A brief introduction to Useful Data Artifacts — and the next generation of data analysis systems
For starters, I’d like to acknowledge Josh Dunn for first using the term “Useful Data Artifacts” in a conversation over lunch at the Boston Seaport a few weeks back. I’d been using the term “Data Artifacts” for some time, but what’s the value of one, if it’s not useful?
What is a Useful Data Artifact?
First and foremost, a Useful Data Artifact is an actual digital thing. It is not an idea, a thought, a realization, or an insight. It’s not in your brain — it’s a structured data object, created when you or an algorithm do something with data.
More technically — a Useful Data Artifact is a nonrandom subset or derivative digital product of a data source, created by an intelligent agent (human or software) after performing a function on the data source.
Our industry loves acronyms, so I’m going to use UDATs to refer to Useful Data Artifacts from here on out. It’s fun to say — give it a try.
Why the generation and management of UDATs are critically important right now.
- Because data is expanding at an exponential rate, both in scale and complexity.
- Because people have far more questions of — and needs for — data sources than current processes and systems can handle. There is a significant Last Mile Problem.
- Because the state-of-the-art outputs from data analysis software are visualizations and dashboards, which are highly overrated — specifically because visualizations fail to generate UDATs.
- Because the investment you put into collecting, storing and utilizing data sources is wasted if you don’t have a systematic process for creating recordable, attributable, reproducible and useful outputs from analysis.
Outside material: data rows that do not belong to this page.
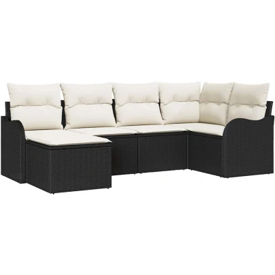 Garden Sofa Set with Cushion 6 pcs Black Poly rattan Vidaxl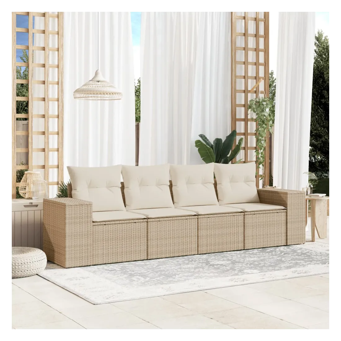 Cet ensemble de canapés de jardin est le complément parfait de votre arrière-cour, terrasse ou patio, offrant un espace confortable et accueillant pour discuter avec la famille et les amis ou simplement se détendre et profiter de l'extérieur. Matériau durable : la résine tressée, également connue sous le nom de poly rotin, est un matériau synthétique solide et nécessitant peu d'entretien qui ressemble au rotin naturel. Il est léger, facile à nettoyer et couramment utilisé pour les meubles d'extérieur en raison de sa durabilité et de ses propriétés de résistance aux intempéries.Fonction de rangement avec sac résistant à l'eau : le mobilier de jardin dispose d'un espace de rangement sous l'assise, complété par un sac résistant à l'eau pour ranger coussins, jouets et autres objets. Le sac intérieur peut être solidement fixé au mobilier d'extérieur grâce à des attaches auto-agrippantes pour plus de stabilité.Housse amovible et lavable : ces coussins de siège sont dotés de housses amovibles pour un lavage et un entretien faciles.Conception modulaire : cet ensemble de meubles d'extérieur a une conception modulaire, ce qui le rend complètement flexible et facile à déplacer, afin que vous puissiez créer un agencement de meubles d'extérieur personnalisé. Bon à savoir :Pour que vos meubles d'extérieur restent beaux, nous vous recommandons de les protéger avec une housse imperméable.
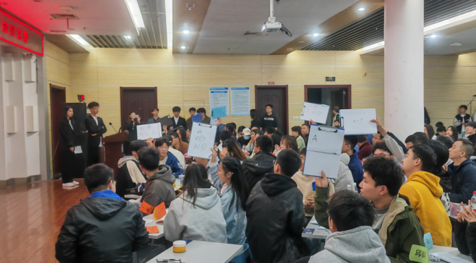 淘汰赛环节是抢答题,需要在14支队伍中选拔7支进入决赛,既考验同学们的知识储备和反应能力,又考查大家的语言组织能力。随着主持人一声令下,各队伍争先恐后地按下抢答器。几轮激烈抢答过后,出现了两支队伍平分的情况,评委老师现场出题让两队派代表回答,决出胜负。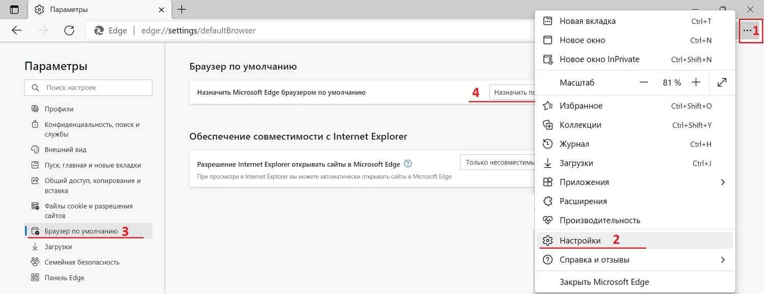 Для этого следует в правом верхнем углу браузера Edge щелкнуть на значок меню, который состоит из трех горизонтальных точек (рис. 7). В левой колонке кликнуть по строке «Браузер по умолчанию», далее – клик по кнопке «Назначить по умолчанию».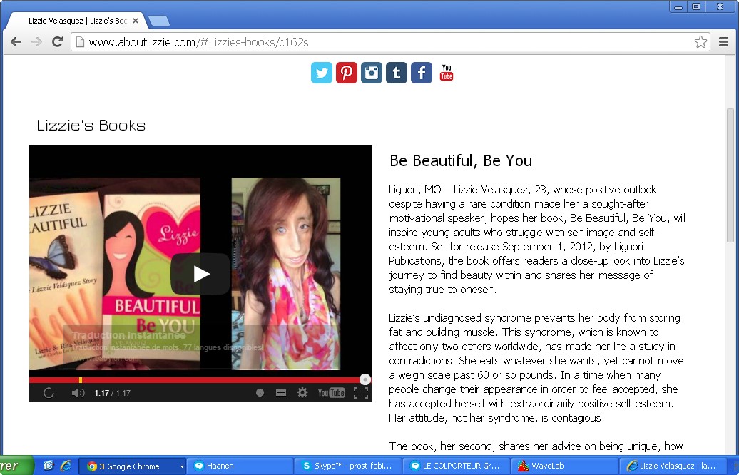 C’est pourquoi Lizzie et ses livres, Lizzie et ses conférences est intéressante. On ne vit pas dans un monde parfait avec des êtres parfaits physiquement, ni intérieurement. On vit dans un monde réel avec des êtres imparfaits, et l’on ferait bien de temps en temps de mettre en avant des êtres, qui nous ressemblent et de mettre en avant d’autres valeurs que celles de l’apparence.

- Because you don’t want your organization’s discoveries and trade secrets sequestered in the brains of your employees or scattered about in different places or incompatible digital formats.
Some key properties of UDATs:
- Digitally storable in a structured schema.
- With provenance — i.e. explicitly attributable to the persons and processes that created it.
- FAIR (Findable, Accessible, Interoperable, Reusable).
- Useful! For reporting, making decisions, applying to other data sources or exporting for use in external systems.
You are probably already creating UDATs now, here are some examples:
- Analysis parameters — the arguments and settings by which you configure and run an analysis — i.e., the question or request you asked of the data.
- Cohorts — subsets of entities, otherwise known as clusters or segments.
- Vohorts — subsets of variables, otherwise known as signatures or feature sets.
- Query results — products of structured queries and functions, often producing derivative tables.
- Summaries — results of an analysis on a single cohort, utilizing one or more variables.
- Comparisons — results of analysis comparing cohorts, utilizing one or more variables.
- Similarities — results of finding similarities or differences between entities, e.g. nearest-neighbors.
- Correlations — results of finding similarities or differences between variables.
- Descriptive Models — results of algorithms more complicated than the simple processes described above.
- Projection Models — results of unsupervised analysis which show relationships between known cohorts or identify new cohorts.
- Predictive Models — results of supervised algorithms that can predict values or categories for new entities.
- Systems Models — results of combining cohorts and vohorts with external knowledge bases and ontologies.
How to make software systems and processes produce, manage and utilize UDATs:
- Systematic parameterization and explicit recording of user intent during analysis — i.e. please stop making hyper-interactive dashboards that don’t record anything.
- A robust, universal, open schema for digital storage of the different types of UDATs.
- Provenance — know what, who, when, why and how a UDAT was created.
- Make UDATs FAIR — Findable, Accessible, Interoperable, and Reusable, with important exceptions for keeping trade secrets and sensitive data private.
- Make UDATs shareable — and ideally understandable for humans.
- Make UDATs systematically deployable — i.e. in the case of predictive models.
- Enable utilization of UDATs in subsequent analyses on the same data source, and on different data sources, where applicable.
- Facilitate transfer of UDATs between software systems that would utilize them.
What did I miss?
There’s clearly a lot more to discuss around the definition, utilization, and value of Useful Data Artifacts as the industry evolves.
I should note that at Tag.bio we’ve been producing, storing and utilizing UDATs for some time now — we just never had a good name for them.